Ю н о ш а. Не надо, Екатерина Капитоновна, у нас в чемодане есть бутылка шампанского, портвейн и столовая мадера…

У с п е н ц е в а. Милые мои, кажется, я опьянела от одних названий.

А р с е н и й (Успенцевой). Мы… мы пойдем… Вы, наверно, устали…

У с п е н ц е в а. Что вы, я обожаю гостей, я устаю от одиночества… Вот видите, Толик, как разумно я поступила, пригласив вас переехать. Вот и Арсений с Майей пожаловали, они ведь ваши друзья, не правда ли?

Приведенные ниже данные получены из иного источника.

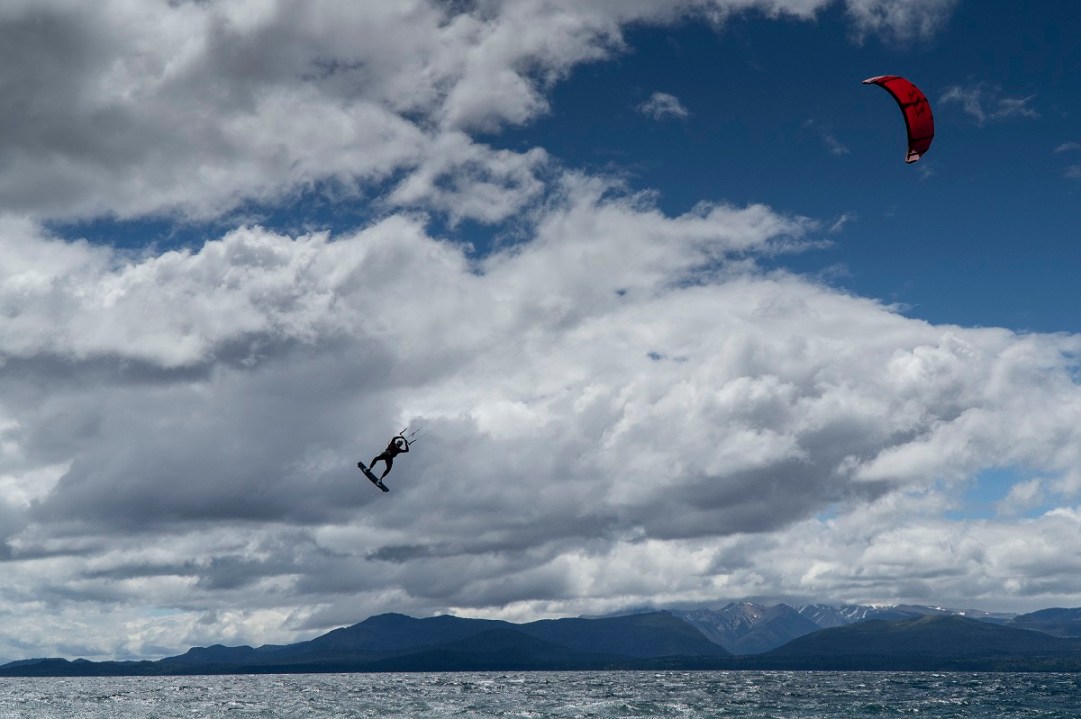 Nicolás Zarnowski se calza su traje de neoprene, toma su vela y su tabla y avanza convencido hacia el lago Nahuel Huapi. Por momentos, las ráfagas de viento lo obligan a trotar. Ingresa al lago sin dudarlo y el espectáculo comienza. Navega y recorre de una punta a la otra hasta que, de repente, despega del agua y se eleva por encima de los 10 metros. El salto se destaca entre otras tantas velas de colores y sorprende a los espectadores que observan a los amantes del kitesurf desde sus automóviles a la altura del Ñireco.

Ю н о ш а. Да… мы… знакомы…

У с п е н ц е в а. Разве раньше они бы зашли навестить меня?.. Нет-нет, я не в упрек, Арсений… Скажу вам по секрету, я сама не люблю старух, что сидят весь день на бульваре и подсчитывают свои болезни… И мой вам совет, милые мои, даже в моем возрасте: не якшайтесь вы с подобными стариками, бог с ними, пусть себе ворчат, играют в домино, ругают врачей и жалуются на болезни… А вы… вы окружайте себя молодостью, не расставайтесь никогда с мечтой, с порывом, с веселой шуткой… Вы знаете, последнее время я часто слушаю радиостанцию «Юность», читаю газету «Знамя молодежи» и перечитываю Фенимора Купера, и представьте — это… очень бодрит, да-да… А на прошлой неделе у нас за углом открылось молодежное кафе. Я зашла туда днем, одна, села за столик, и какая-то девушка подошла ко мне и очень участливо спросила: «Чего вам здесь надо, бабуся?..» И от этого слова мне стало весело, как в далеком детстве, мне захотелось пошутить с ней и я сказала: «Вот что, милочка, тащи сюда один кофе с ликером, да поживей, а то я зверски тороплюсь на стадион…»


Смех.


А р с е н и й. Вот это здорово!.. Так и сказали?.. А она что?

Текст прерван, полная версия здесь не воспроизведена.